Тот, не глядя на меня, достал из чехла ракетку и, кинув мрачный взгляд на Керемхана, пошел за мной на площадку. Играл он, как всегда, точно и уверенно, но я чувствовала, что он не в себе. Я шутила, смеялась, пыталась острить, но развеселить Гариба мне так и не удалось.
АДИЛЬ
Вчера вечером Сария пришла с тенниса какая-то странная. Брови у нее были чуть-чуть насуплены, лицо сосредоточенное, словно она старалась понять или вспомнить что-то. Она невпопад ответила на мои вопросы,- видимо, их смысл просто не дошел до нее. Первый раз, с тех пор как мы приехали сюда, я видел жену такой. Стена отчужденности, безразличия, давно уже вставшая между нами, поднялась и окончательно разъединила нас. А между тем она никогда еще не казалась мне такой привлекательной и желанной.
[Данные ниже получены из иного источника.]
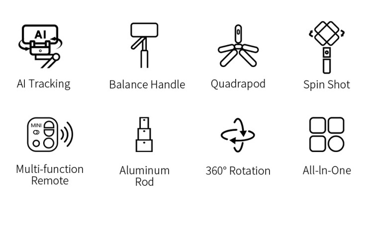 1. Independent lens, Ai intelligent tracking. 2. Intelligent anti-shake core, shoot while walking. 3. 3-in-1, not only tracking gimbal, but also quadrupod and selfie stick. 4. Balanced anti-shake shooting handle. 5.Detachable multi-function remote control, with APP, shooting more interesting. 6.Adjustable stable quadrupod. 7.High-end stable aluminium alloy pole.
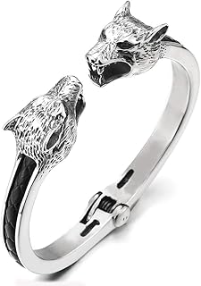 Retro-Stil Wolfskopf Armreif Herren Edelstahl Armband

Упрекать, требовать, угрожать было бы бессмысленно- это я понял сразу. Надо было найти те ласковые, единственно возможные слова, которые могли бы спасти положение.
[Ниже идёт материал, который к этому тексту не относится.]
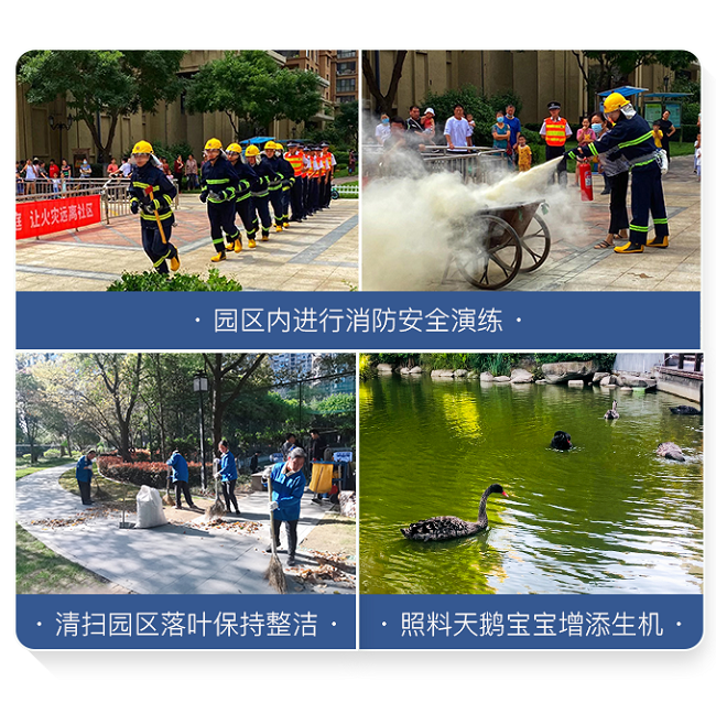 换季及时清扫落叶,整洁常在;精心照料池中天鹅,生机勃勃;园区安全重于泰山,反复进行消防演习……让业主们的幸福感,来源于园区中的点点滴滴。

Я сидел у столика перед входом в палатку. Сария стояла неподалеку и расчесывала волосы; движения ее были медлительны, глаза глядели на орла, парящего над ущельем.
- Сария! - окликнул я жену. - Поедем путешествовать после окончания строительства? Возьмем отпуск, попросим у папы "Волгу"...
Сария, не отрывая взгляда от орла, отрицательно покачала головой.
- Чем трясти головой, лучше бы языком шевельнула, - грубовато пошутил я.
Жена не ответила. Я вскочил, схватил ее за плечи и силой усадил на табуретку.
- Ты скажешь наконец, что с тобой происходит?!
Она подняла на меня глаза, сняла с плеч мои руки и вздохнула:
- Если бы я знала, Адиль!..
Больше не о чем было спрашивать. Я отошел от жены, - она не должна видеть моего замешательства. Со мной творилось что-то непонятное. Мне хотелось схватить ее, целовать ее хрупкие плечи, нежную девичью шею, тонкие ароматные волосы! И в то же время я, кажется, мог бы сейчас ее растерзать. И как она смеет обнажать для других свою шею, руки, эти маленькие крепкие руки, которые принадлежат только мне! Мне!
Я вдруг почувствовал, что бесконечно устал: от необходимости притворяться спокойным, от постоянного опасения потерять Сарию, от ее равнодушия.
Я пошел в палатку и лег. Заснуть я и не пытался. Вскоре тихо легла и Сария.
Долго я лежал в темноте с закрытыми глазами. Вдруг что-то словно толкнуло меня. Я открыл глаза и взглянул на жену.
Сария сидела на своей постели и глядела в ночную темноту. Я проследил ее взгляд: она не отрываясь смотрела на яркую огненнуюї точку, - кажется,її около палатки рабочих. Время от времени точка эта совершала плавные движения: кто-то подносил ко рту папиросу и, затянувшись, снова опускал руку...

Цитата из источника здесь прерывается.